To show just how elevated markets are, Peter went back to 1995 and found the average price-to-earnings (before taxes) was 14.1. The current ratio is 19.6.
So, in order for the market to return to the normal ratio, we need another 28% decline from here. Not from the highs, but from where we are right now.”
The price-to-sales ratio also indicates an overvalued market.
Peter said the only way you can justify a market this expensive is if interest rates go back down.
The only reason we had such high multiples, whether it is price to earnings or price to sales — it was all a function of 0% interest rates. Well, we don’t have 0% interest rates anymore.”
If interest rates stay where they are, or continue to move higher, which the Fed is promising, the markets have a long way to fall to get back to normal.
But there is no reason why the markets should be priced at a normal valuation given the adverse circumstances that are now taking place. We have the highest inflation in 40 years, maybe the highest inflation ever. The Fed has a monumental task in front of it if it’s actually going to deliver on its promise to bring inflation down to 2%. So, if you believe the Fed – that they’re every bit as resolute in their commitment to bring inflation back down to 2%, and they’re going to do whatever it takes to achieve the goal, then you have to concede that the market is not going to fall to normal valuation, but a below normal valuation.”
Think about it.
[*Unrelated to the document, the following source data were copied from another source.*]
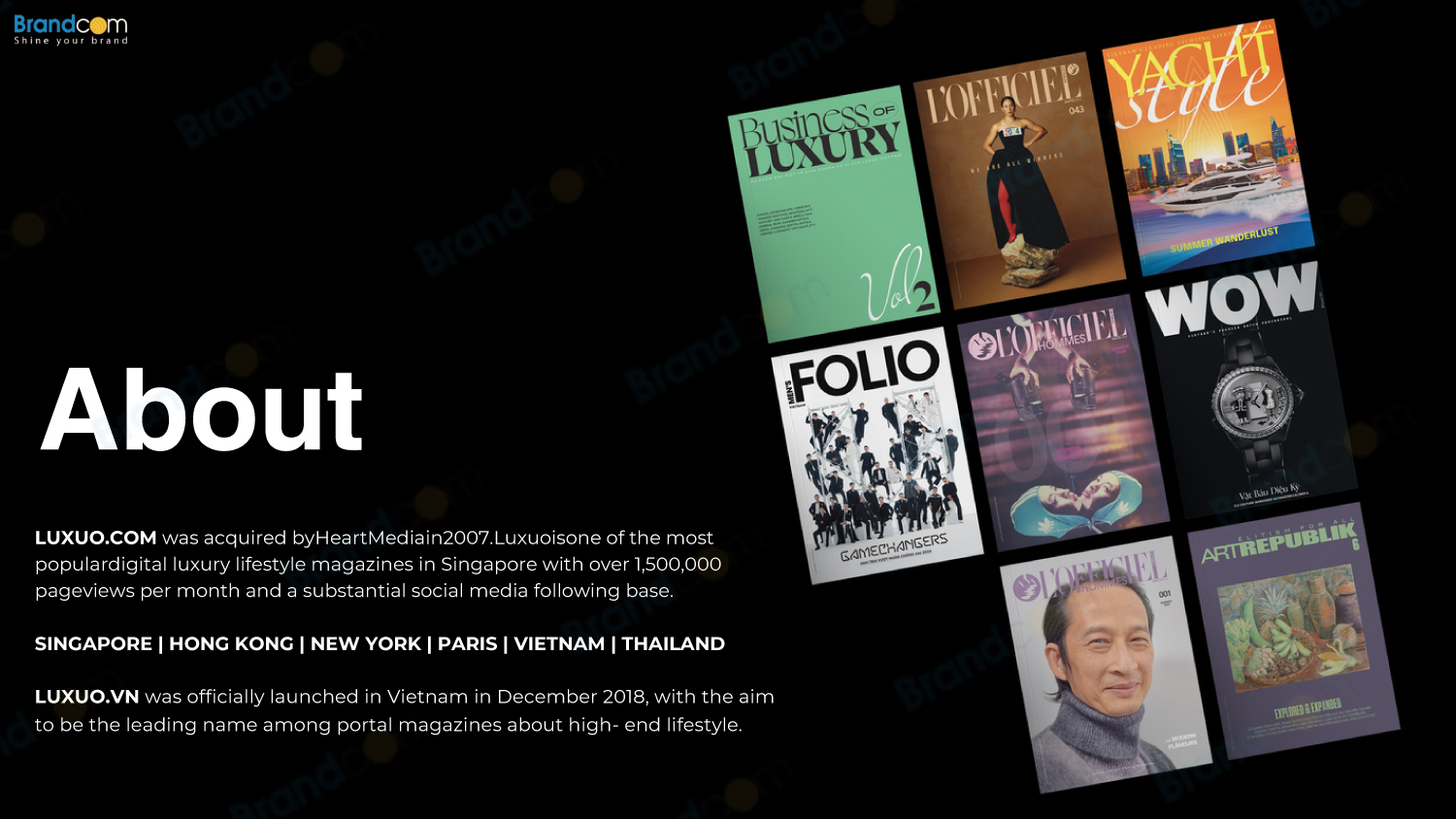 LUXUO.COM được thành lập bởi Heart Media vào năm 2007. Luxuo là một trong những tạp chí kỹ thuật số về lối sống sang trọng phổ biến nhất tại Việt Nam với:
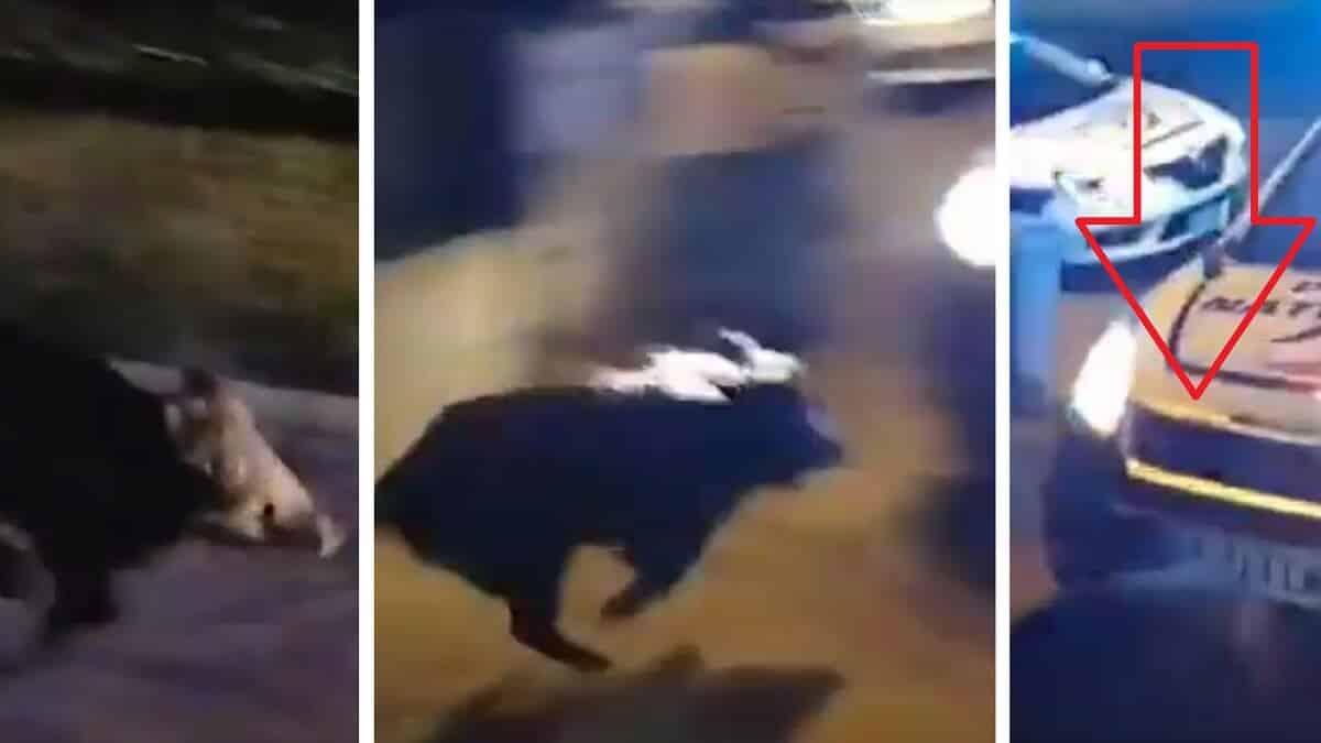 En el vídeo que te proponemos a continuación se muestra cómo un jabalí ‘atropella’ a un coche de la Policía. El animal se encontraba en una zona urbana y estaba siendo reconducido por los agentes. Al ver que iban hacia él, escapó y acabó estampándose contra el vehículo oficial, probablemente cegado por las luces.
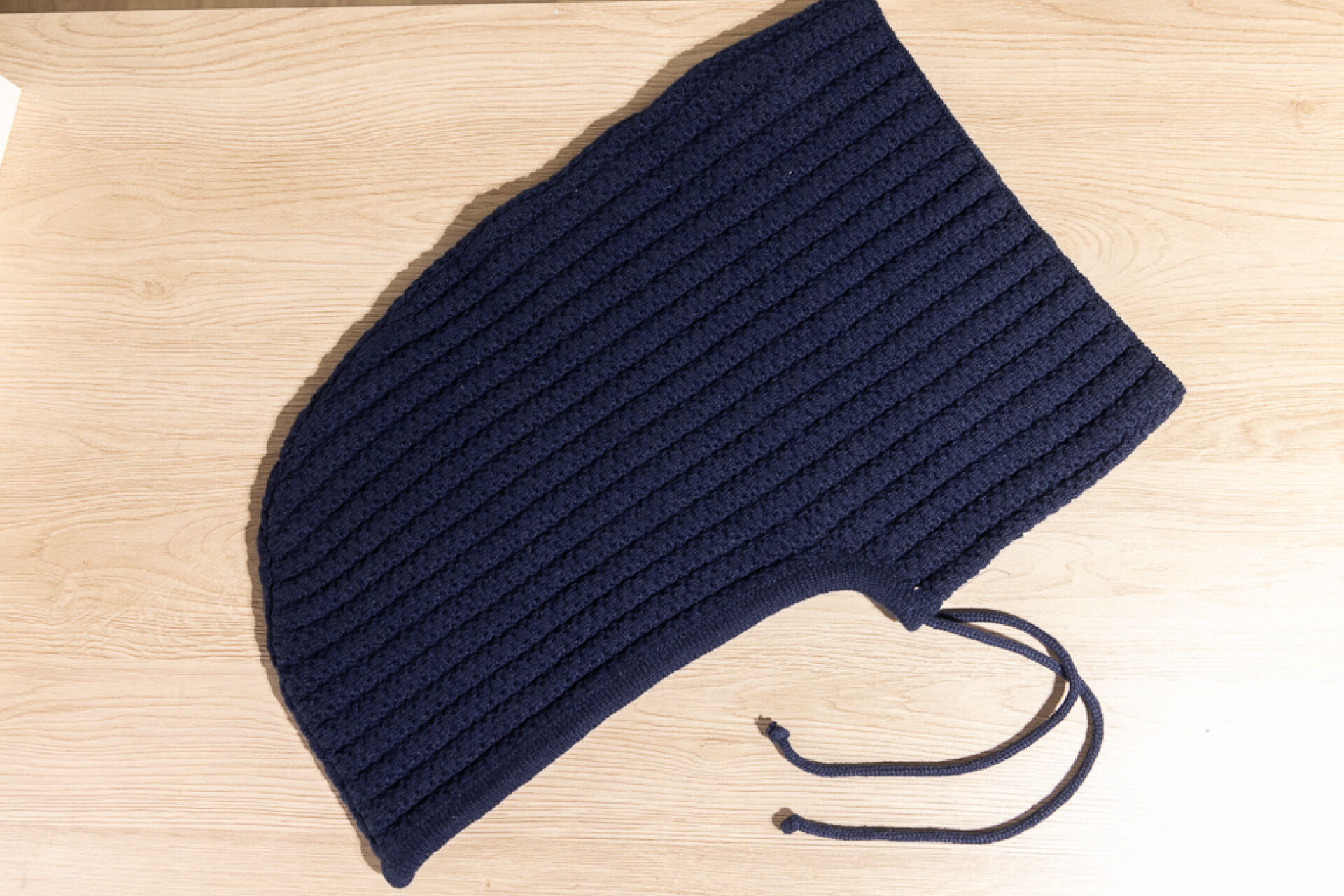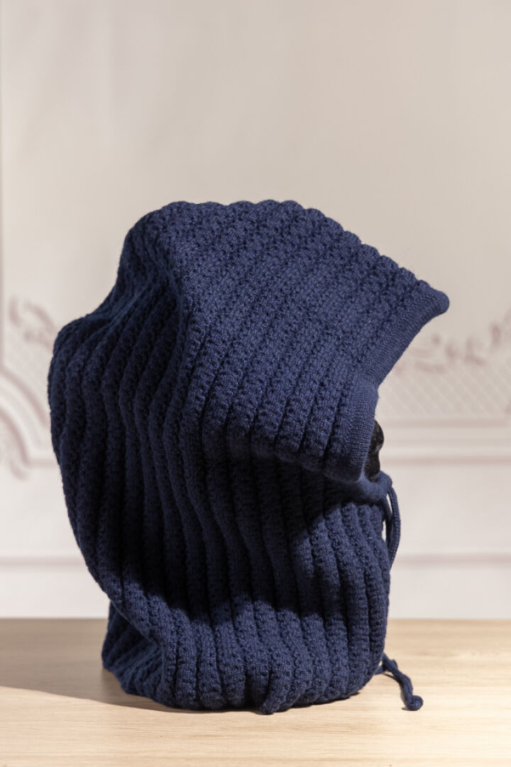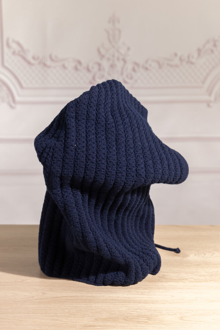 MOLLI. Cagoule en laine cotelée marine, lien à nouer à l'envie. Taille unique. Non portée, étiquette d'origine.

At times since 1995, these metrics have been lower than average. Why? Because during those times the markets were facing adverse circumstances.
Well, I can’t think of more adverse circumstances than the ones that the markets are operating under right now.”
So, we should see a market getting cheaper compared to those historical averages.
But not only is the market not cheap, not only is it not averagely or fairly valued, but it is still extremely expensive. So, we have a market priced for perfection and we have anything but perfection in the current circumstances.”
Peter said this tells him investors still don’t believe the Fed. Or they believe that the Fed will be able to quickly bring inflation back down to 2%, and then it will be able to return rates back to artificially low levels.
Because without 0% interest rates and QE, there is no way to justify the current valuation of today’s market. But if investors believe that, they are wrong.”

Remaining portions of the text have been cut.